Hence, an opportunity now exists for an aspiring political leader to replace our stagnation-inducing “easy money” policy with a prosperity-producing “good money” policy. And the gold standard is the “gold standard” of good money.
How to do it? Kemp’s legislation sets the basic formula forth in fewer words than the Gettysburg Address:
Not later than one year after the date of the enactment of this Act, the Secretary of the Treasury shall establish a permanent definition of the dollar, as expressed as a fixed weight of gold, nine-tenths fine.
The dollar defined as such fixed weight of gold shall be the standard and unit of value of the United States, and all forms of money issued or coined by the United States shall be maintained as a parity of value with this standard.

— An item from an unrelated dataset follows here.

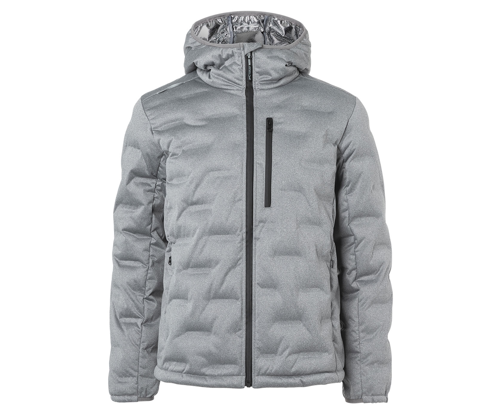 - Jackeninnenseite mit Silber glänzender Beschichtung reflektiert Wärme und isoliert bei Kälte (Rettungsdecken-Prinzip)
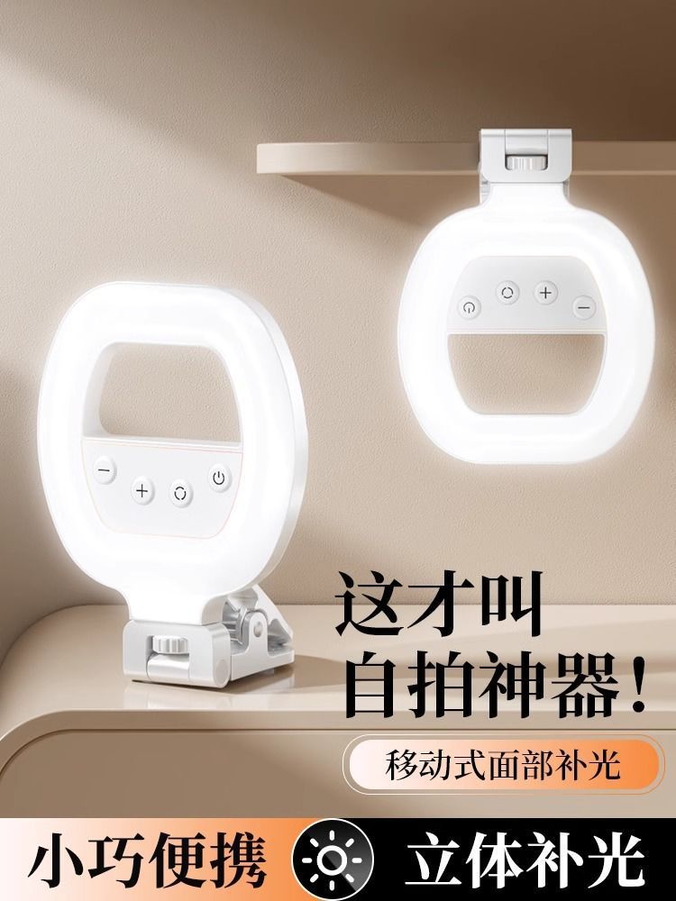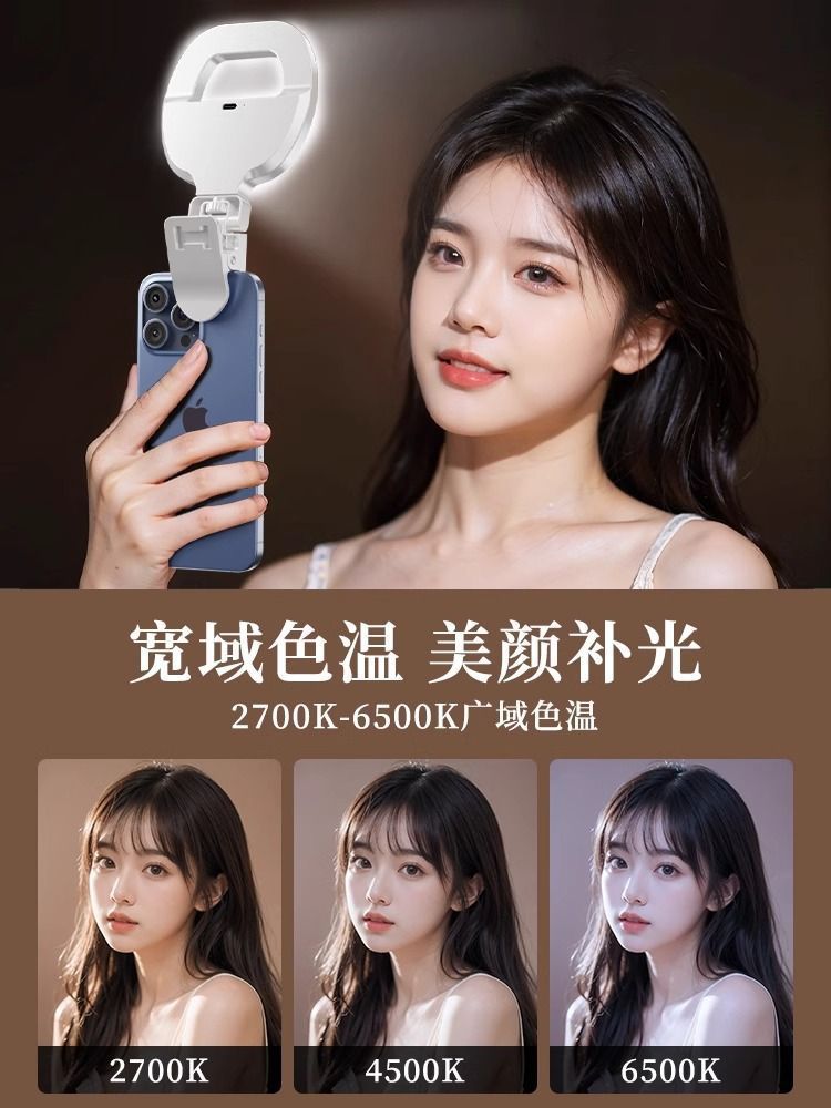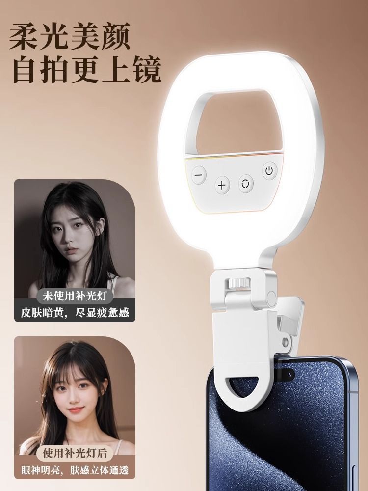 휴대폰 보조 조명 셀카용 핸드헬드 라이브 방송 뷰티 포켓 라이트 클립형 LED 링 라이트 무단계 조광

Beginning one year after the date of the enactment of this Act, any person may, on demand, redeem for gold at any Federal Reserve bank any currency or coin of the United States, or any demand note or demand liability of a Federal Reserve bank.
Such redemptions shall be made either in gold coins or in an equivalent value of gold bullion.
The Secretary of the Treasury shall cause gold coins to be minted in such weights, denominations, and forms as the Secretary determines will best serve the maintenance of gold payments and the needs of commerce.
Coins minted under this section shall be legal tender for all debts, public charges, taxes and dues.
The heart of the classical gold standard was, is, and always shall be, the definition of the currency as a fixed weight in gold, legally convertible thereto. And as Forbes.com’s own Nathan Lewis has pointed out, “the correlation between the gold standard and stupendous growth is clear.”
June 2014 presents a Grand Conjunction of important decennial anniversaries. It is the 100th anniversary of the assassination of Archduke Ferdinand, precipitating World War I, which destroyed the gold standard and plunged the world into nearly a century of war without limit: World Wars I and II, the Cold War, and the War on Terror.
June 2014 is the 70th anniversary of D-Day (in which this writer’s late father, Max Benko, heroically fought). D-Day would bring about Allied victory in World War II.
Now, with world peace finally beginning to dawn, it finally becomes practical to restore the gold standard (always an early victim of Big War). That makes the 30th anniversary of Jack Kemp’s Gold Standard Act of 1984 the most important element of this Grand Conjunction.
It is time for the re-introduction and enactment of Kemp’s magnum opus with a Gold Standard Act of 2014. It is time thereby to unleash a new epoch of stupendous growth.